Падая, Фелиситэ ушибла бедро. Нестерпимая жгучая боль, казалось, заставила ее отбиваться еще с большим неистовством, и она с силой ударила Валькура ногой, угодив ему в пах. Застонав, он разжал руки. Извиваясь всем телом, Фелиситэ отползла подальше, потом поднялась на одно колено. Валькур бросился следом и, схватив ее за рубашку, оказавшуюся для нее слишком большой, медленно потянул девушку к себе.
Не в силах вырваться, Фелиситэ стремительно обернулась и вонзила ногти ему в лицо, стараясь выцарапать глаза. Валькур пронзительно закричал и с силой ударил ее кулаком в грудь, потом нанес еще один удар, от которого она отшатнулась назад и рухнула на пол, поскользнувшись в луже выплеснувшейся из корыта воды. Валькур тут же навалился на нее сверху.
Дикая боль разрывала тело Фелиситэ изнутри, не позволяя ни дышать, ни двигаться.
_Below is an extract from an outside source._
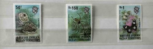 This is a collection of three commemorative postage stamps from the British Indian Ocean Territory (BIOT), issued in 1973 as part of a wildlife definitive or special series. The stamps feature vertical orientations with perforated edges, printed on standard gummed stamp paper. Each stamp depicts different local fauna: the 50c stamp showcases an Upside-Down Jellyfish (Cassiopea andromeda), the Rs. 1.50 stamp features a spider (Nephila madagascariensis) on its web, and the Rs. 1 stamp illustrates a butterfly (Hypolimnas misippus) on flora. In the upper right corner of each stamp is the profile of Queen Elizabeth II in silver or grey, indicating the territory's status as a British Overseas Territory. The text 'BRITISH INDIAN OCEAN TERRITORY' is printed clearly at the bottom in a bold, black serif font. The printing quality is high, utilizing multi-color offset lithography with a distinct green-blue wash in the backgrounds. The stamps appear to be in Mint Never Hinged (MNH) or fine used condition, housed within a clear protective plastic philatelic strip. No visible foxing, creases, or heavy cancellations are present, preserving the vibrant greens, browns, and blacks of the biological illustrations. The year '1973' is vertically printed on the right side of each illustration, confirming the issue date.

Однако она все же сумела собрать пальцы в кулак и с силой ткнуть Валькура в горло. Он закашлялся, издавая сдавленные гортанные звуки, но тем не менее не выпустил своей жертвы, крепко вцепившись девушке в грудь и сжав ее так сильно, что Фелиситэ закричала, не выдержав адской боли. Запустив вторую руку в волосы, Валькур оттянул ей голову назад, так что затылок едва не касался основания шеи. Фелиситэ почувствовала, как ее плотно закрытые глаза начинает застилать серый туман — предвестник спасительной тьмы обморока.
Стиснув зубы, она из последних сил напряглась и немного сдвинула Валькура, навалившегося на нее всей тяжестью тела. В следующее мгновение Фелиситэ, свернувшись в клубок, ударила брата обеими ногами. Стараясь защитить пах, Валькур отодвинулся в сторону, и удар пришелся в живот. Согнувшись пополам, он ослабил хватку. Фелиситэ выкарабкалась из-под него и, оттолкнув брата, стала отползать в сторону, чтобы он не мог дотянуться до нее рукой. При этом она зацепила локтем стул, шпага Моргана со стуком упала на пол. Фелиситэ тут же схватила ее и, вытащив из ножен, вскочила на ноги.
Валькур, с налитыми кровью глазами, обезумевший от боли и извращенной страсти, пошатываясь, встал с пола. Не обращая внимания на направленное на него острие шпаги, он снова кинулся на сестру.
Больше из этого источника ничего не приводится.